• INFORMATION:
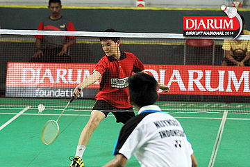 Daniel Ari Wibisono (Sarwendah) menyambar pengembalian dari Nijynsco Kaleb (Candra Wijaya)
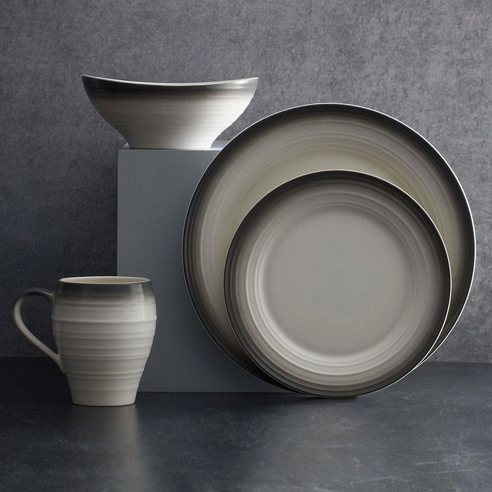 Swirl Ombre features clean lines in a rustic, earthy pattern with a matte and glossy finish, and beautifully graduated coloration, set a striking table setting. The soft rib on the outside of the collection offers a hand made look. Crafted of ironstone with a pin-firing technique which allows the entire bottom of the plate to be glazed, including the base. This process significantly reduces water absorption and increases chip resistance. 4 piece place setting includes an 11-1/4 inch dinner plate, 8-1/2 inch salad plate, 6-3/4 inch (24 ounce) soup cereal bowl and 18 ounce mug. Microwave and dishwasher safe.
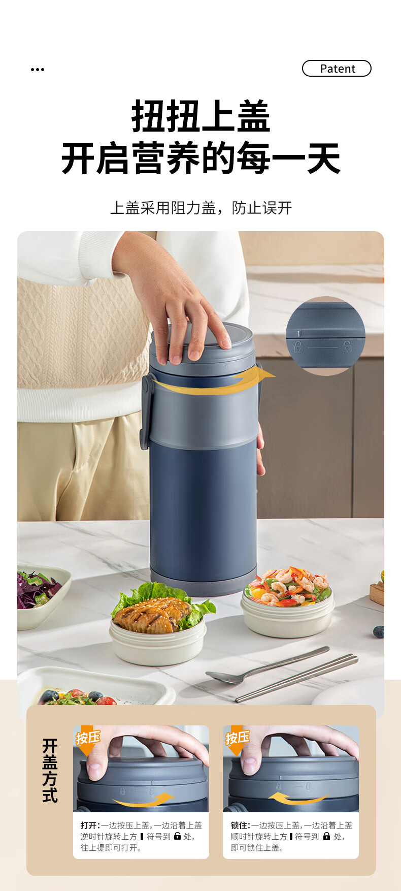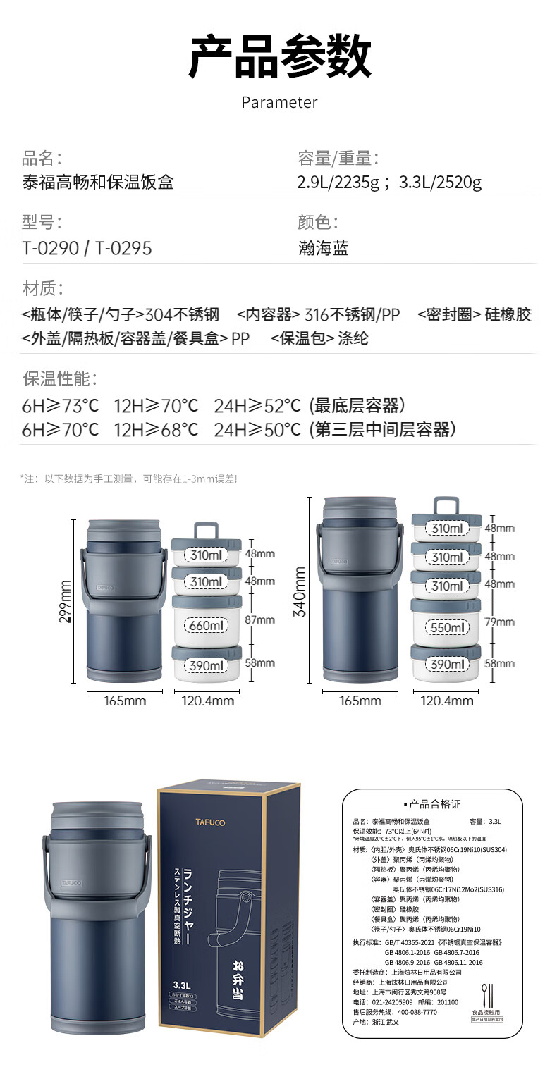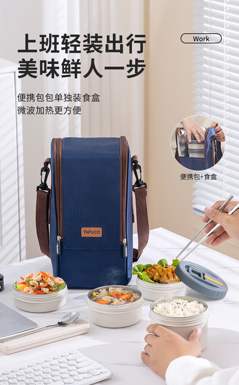 泰福高(TAFUCO)保温饭盒316不锈钢学生便携保温桶上班族大容量便当盒食品级T0290
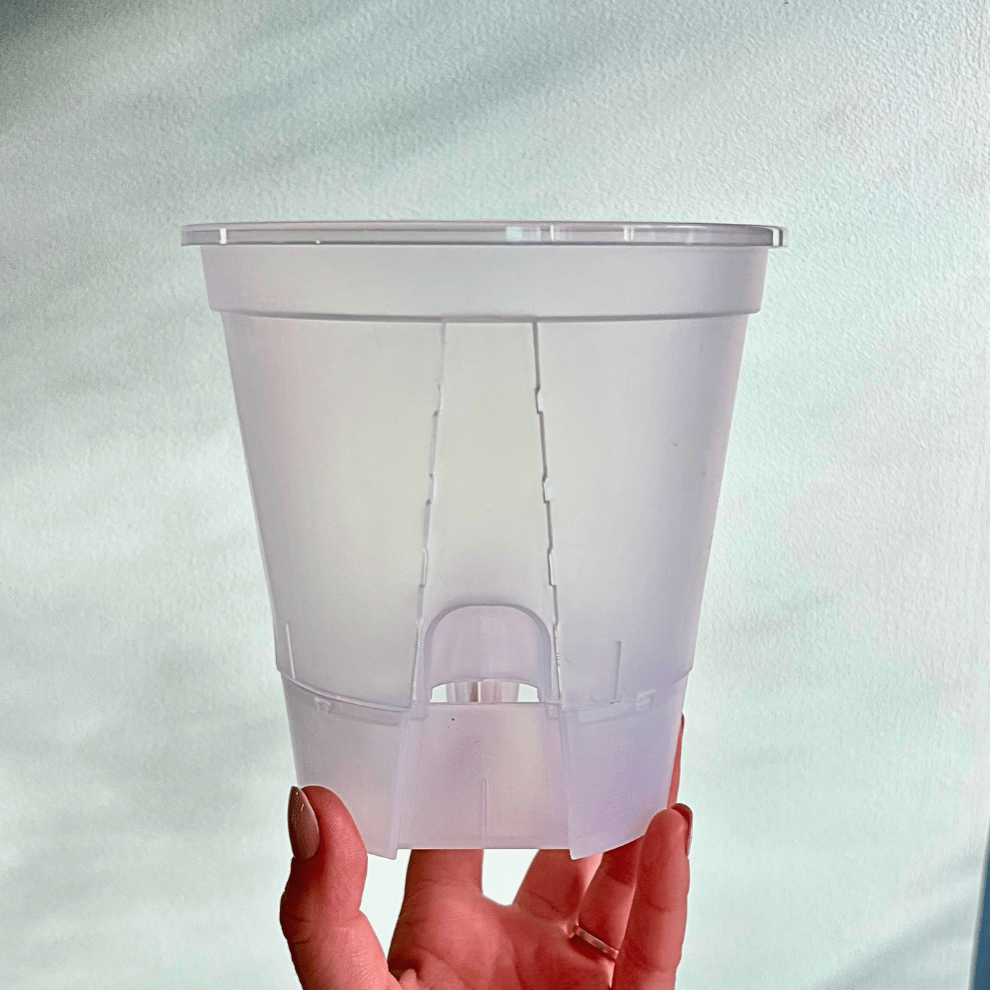Gjennomsiktig potte med avtagbart vannreservoar. Du kan enten vanne direkte oppi ponen/jorden eller vanne inn i vannreservoaret.
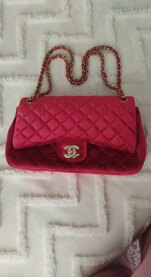 Pembe süet çanta, parlak yüzey ve zincir detaylarıyla klasik zarafeti modern stil ile buluşturur. Romantik akşamlar için ideal. orijinal ürün aşırı sağlam ve kaliteli sadece furmuar tutma kısmı düştü foto da gösterdim engel teşkil eden durumu asla yok alan kalitenin keyfini çıkarsın
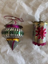 Vintage Mexican Hand Hammered Tin Toy Spinning Top & Unique Christmas Ornaments
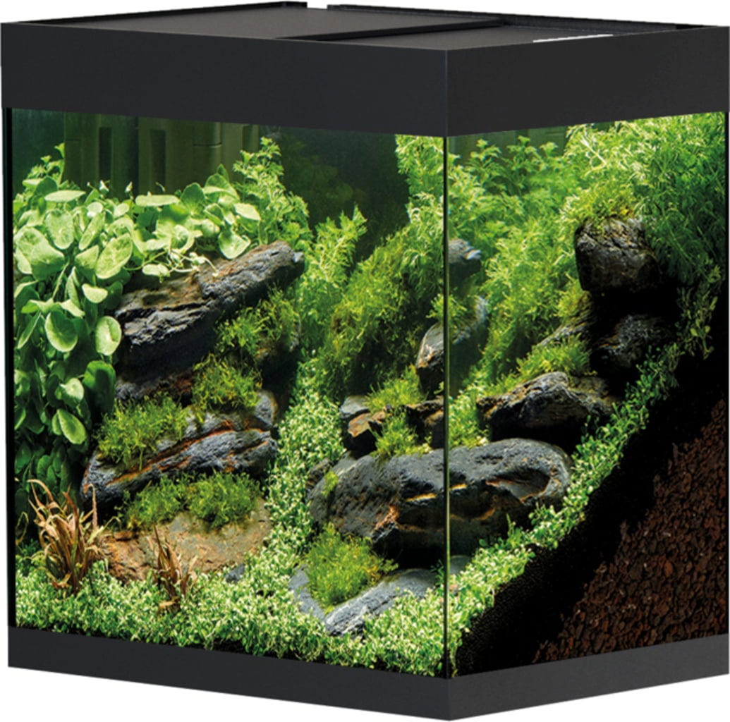 El acuario StyleLine está especialmente diseñado para satisfacer las necesidades de un cuidado óptimo de los animales. Los elementos de cristal están fabricados con vidrio flotado de seguridad de alta calidad con bordes pulidos. Los embellecedores superior e inferior perfeccionan el aspecto visual, ocultando los bordes de agua o las diferentes capas de sustrato.
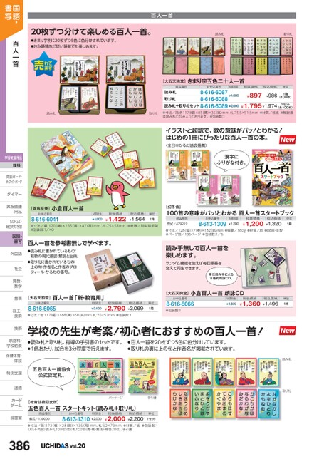 百人一首20枚ずつ分けて楽しめる百人一首。●きまり字別に20枚ずつ5色に色分けされています。●休み時間など短い時間でも楽しめます。読み札取り札読み札取り札小倉百人一首[銀鳥産業]お申込番号8-616-6041M価税抜¥1,800税抜価格¥1,422税込価格¥1,564単位1箱●寸法/箱:120(幅)×165(奥)×47(高)mm、札:75×53mm●材質/別製厚紙製●包装数:1/40百人一首を参考書無しで学べます。●読み札に書かれているもの:和歌の現代語訳・解説と出典。●取り札に書かれているもの:上の句・作者名と作者のプロフィール・かるたの番号。[大石天狗堂]きまり字五色二十人一首商品種別お申込番号M価税抜税抜価格税込価格単位読み札取り札読み札+取り札セット8-616-6089¥2,0008-616-60878-616-6088¥1,000(各100枚)●寸法/箱:各117(幅)×85奧)×35(高)mm、札:75.5×51.5mm●材質/板紙●解説書は読み札にのみ入っております。●包装数:1¥1,795¥1,9741セット¥897¥9861箱(100枚)イラストと超訳で、歌の意味がパッ!とわかる!はじめの1冊にぴったりな百人一首の本。〈全日本かるた協会推薦〉漢字にふりがな付き。[幻冬舎]100首の意味がパッ!とわかる百人一首スタートブック商品種別型式/479219お申込番号8-613-1309M価税抜¥1,200税抜価格¥1,200税込価格¥1,320単位1冊●寸法/128(幅)×7(奥)×182(高)mm●質量/160g●材質/紙●B6版・並製●ページ数/136ページ●包装数:1/6読み手無しで百人一首を楽しめます。ランダム機能を使えば毎回順番を変えて再生できます。専任読み手による本格的朗詠CD。[大石天狗堂]百人一首「新・教育用」お申込番号8-616-6065M価税抜¥3,100税抜価格¥2,790税込価格¥3,069単位1箱●寸法/箱:117幅)×168奥)×68高)mm、札:76×52mm●包装数:1[大石天狗堂]小倉百人一首朗詠CDお申込番号8-616-6066●包装数:1M価税抜¥1,500税抜価格¥1,360税込価格¥1,496単位1枚学校の先生が考案!初心者におすすめの百人一首!●読み札と取り札、指導の手引書のセットです。●1色あたり、試合を3分程度で行えます。●百人一首を20枚ずつ5色に色分けしています。●取り札の裏に上の句と作者名が掲載されています。五色百人一首協会公式認定札。読み札取り札[教育技術研究所]五色百人一首スタートキット(読み札+取り札)商品種別型式/130000お申込番号8-613-1310M価税抜¥2,000税抜価格¥2,000税込価格¥2,200パッケージ手引書単位1セット国語・書写百人一首学習支援用品理科発表ボード・発表ボード・ホワイトボードタイマータイマー黒板関連黒板関連用品用品SDGs・SDG総合的な学習国語・書写外国語外国語社会社会算数・算数数学数学音楽音楽図工・図工美術美術技術技術家庭科・家庭科・学校給食学校給食保健体育・球技球技特別支援特別支道徳道徳カードカゲーム図書室図書室●寸法/箱:173(幅)×28(奥)×135(高)mm、札:52×73mm●材質/紙●包装数:1〈セット内容〉読み札100枚・取り札100枚(青・桃・黄・緑・橙各20枚)、手引書386Vol.20
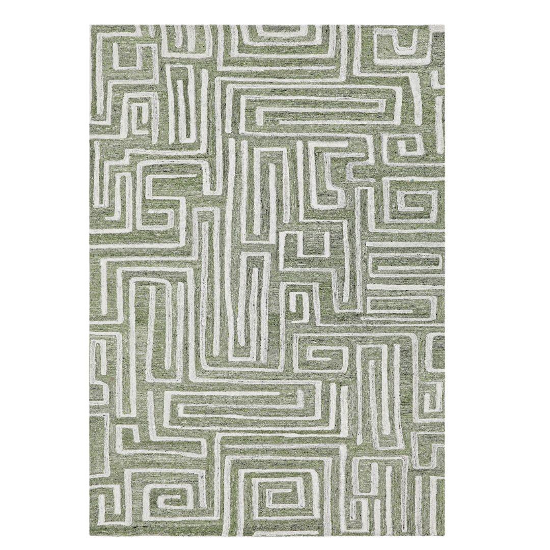 A geometric wool rug for modern living rooms that adds a refreshing touch of green to feature spaces. Hand-tufted from 100% premium wool, this modern area rug for contemporary homes showcases a maze-like design with a dense, plush pile. Perfect for grounding living rooms or open-plan areas, it combines style, texture, and comfort in one statement rug.
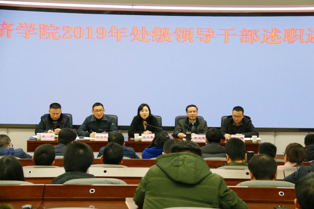 12月25日下午,学院2019年度处级领导干部述责述廉述党建大会在1教309会议室召开。学校党委书记庄天慧莅临指导,学院全体院领导和教职工出席会议,会议由学院党委书记漆雁斌主持。

• EXERCISE OBJECTIVE: Without the pictures, print all of the records exactly.

• RESPONSE TO THIS EXERCISE:
 Daniel Ari Wibisono (Sarwendah) menyambar pengembalian dari Nijynsco Kaleb (Candra Wijaya)
 Swirl Ombre features clean lines in a rustic, earthy pattern with a matte and glossy finish, and beautifully graduated coloration, set a striking table setting. The soft rib on the outside of the collection offers a hand made look. Crafted of ironstone with a pin-firing technique which allows the entire bottom of the plate to be glazed, including the base. This process significantly reduces water absorption and increases chip resistance. 4 piece place setting includes an 11-1/4 inch dinner plate, 8-1/2 inch salad plate, 6-3/4 inch (24 ounce) soup cereal bowl and 18 ounce mug. Microwave and dishwasher safe.
 泰福高(TAFUCO)保温饭盒316不锈钢学生便携保温桶上班族大容量便当盒食品级T0290
Gjennomsiktig potte med avtagbart vannreservoar. Du kan enten vanne direkte oppi ponen/jorden eller vanne inn i vannreservoaret.
 Pembe süet çanta, parlak yüzey ve zincir detaylarıyla klasik zarafeti modern stil ile buluşturur. Romantik akşamlar için ideal. orijinal ürün aşırı sağlam ve kaliteli sadece furmuar tutma kısmı düştü foto da gösterdim engel teşkil eden durumu asla yok alan kalitenin keyfini çıkarsın
 Vintage Mexican Hand Hammered Tin Toy Spinning Top & Unique Christmas Ornaments
 El acuario StyleLine está especialmente diseñado para satisfacer las necesidades de un cuidado óptimo de los animales. Los elementos de cristal están fabricados con vidrio flotado de seguridad de alta calidad con bordes pulidos. Los embellecedores superior e inferior perfeccionan el aspecto visual, ocultando los bordes de agua o las diferentes capas de sustrato.
 百人一首20枚ずつ分けて楽しめる百人一首。●きまり字別に20枚ずつ5色に色分けされています。●休み時間など短い時間でも楽しめます。読み札取り札読み札取り札小倉百人一首[銀鳥産業]お申込番号8-616-6041M価税抜¥1,800税抜価格¥1,422税込価格¥1,564単位1箱●寸法/箱:120(幅)×165(奥)×47(高)mm、札:75×53mm●材質/別製厚紙製●包装数:1/40百人一首を参考書無しで学べます。●読み札に書かれているもの:和歌の現代語訳・解説と出典。●取り札に書かれているもの:上の句・作者名と作者のプロフィール・かるたの番号。[大石天狗堂]きまり字五色二十人一首商品種別お申込番号M価税抜税抜価格税込価格単位読み札取り札読み札+取り札セット8-616-6089¥2,0008-616-60878-616-6088¥1,000(各100枚)●寸法/箱:各117(幅)×85奧)×35(高)mm、札:75.5×51.5mm●材質/板紙●解説書は読み札にのみ入っております。●包装数:1¥1,795¥1,9741セット¥897¥9861箱(100枚)イラストと超訳で、歌の意味がパッ!とわかる!はじめの1冊にぴったりな百人一首の本。〈全日本かるた協会推薦〉漢字にふりがな付き。[幻冬舎]100首の意味がパッ!とわかる百人一首スタートブック商品種別型式/479219お申込番号8-613-1309M価税抜¥1,200税抜価格¥1,200税込価格¥1,320単位1冊●寸法/128(幅)×7(奥)×182(高)mm●質量/160g●材質/紙●B6版・並製●ページ数/136ページ●包装数:1/6読み手無しで百人一首を楽しめます。ランダム機能を使えば毎回順番を変えて再生できます。専任読み手による本格的朗詠CD。[大石天狗堂]百人一首「新・教育用」お申込番号8-616-6065M価税抜¥3,100税抜価格¥2,790税込価格¥3,069単位1箱●寸法/箱:117幅)×168奥)×68高)mm、札:76×52mm●包装数:1[大石天狗堂]小倉百人一首朗詠CDお申込番号8-616-6066●包装数:1M価税抜¥1,500税抜価格¥1,360税込価格¥1,496単位1枚学校の先生が考案!初心者におすすめの百人一首!●読み札と取り札、指導の手引書のセットです。●1色あたり、試合を3分程度で行えます。●百人一首を20枚ずつ5色に色分けしています。●取り札の裏に上の句と作者名が掲載されています。五色百人一首協会公式認定札。読み札取り札[教育技術研究所]五色百人一首スタートキット(読み札+取り札)商品種別型式/130000お申込番号8-613-1310M価税抜¥2,000税抜価格¥2,000税込価格¥2,200パッケージ手引書単位1セット国語・書写百人一首学習支援用品理科発表ボード・発表ボード・ホワイトボードタイマータイマー黒板関連黒板関連用品用品SDGs・SDG総合的な学習国語・書写外国語外国語社会社会算数・算数数学数学音楽音楽図工・図工美術美術技術技術家庭科・家庭科・学校給食学校給食保健体育・球技球技特別支援特別支道徳道徳カードカゲーム図書室図書室●寸法/箱:173(幅)×28(奥)×135(高)mm、札:52×73mm●材質/紙●包装数:1〈セット内容〉読み札100枚・取り札100枚(青・桃・黄・緑・橙各20枚)、手引書386Vol.20
 A geometric wool rug for modern living rooms that adds a refreshing touch of green to feature spaces. Hand-tufted from 100% premium wool, this modern area rug for contemporary homes showcases a maze-like design with a dense, plush pile. Perfect for grounding living rooms or open-plan areas, it combines style, texture, and comfort in one statement rug.
 12月25日下午,学院2019年度处级领导干部述责述廉述党建大会在1教309会议室召开。学校党委书记庄天慧莅临指导,学院全体院领导和教职工出席会议,会议由学院党委书记漆雁斌主持。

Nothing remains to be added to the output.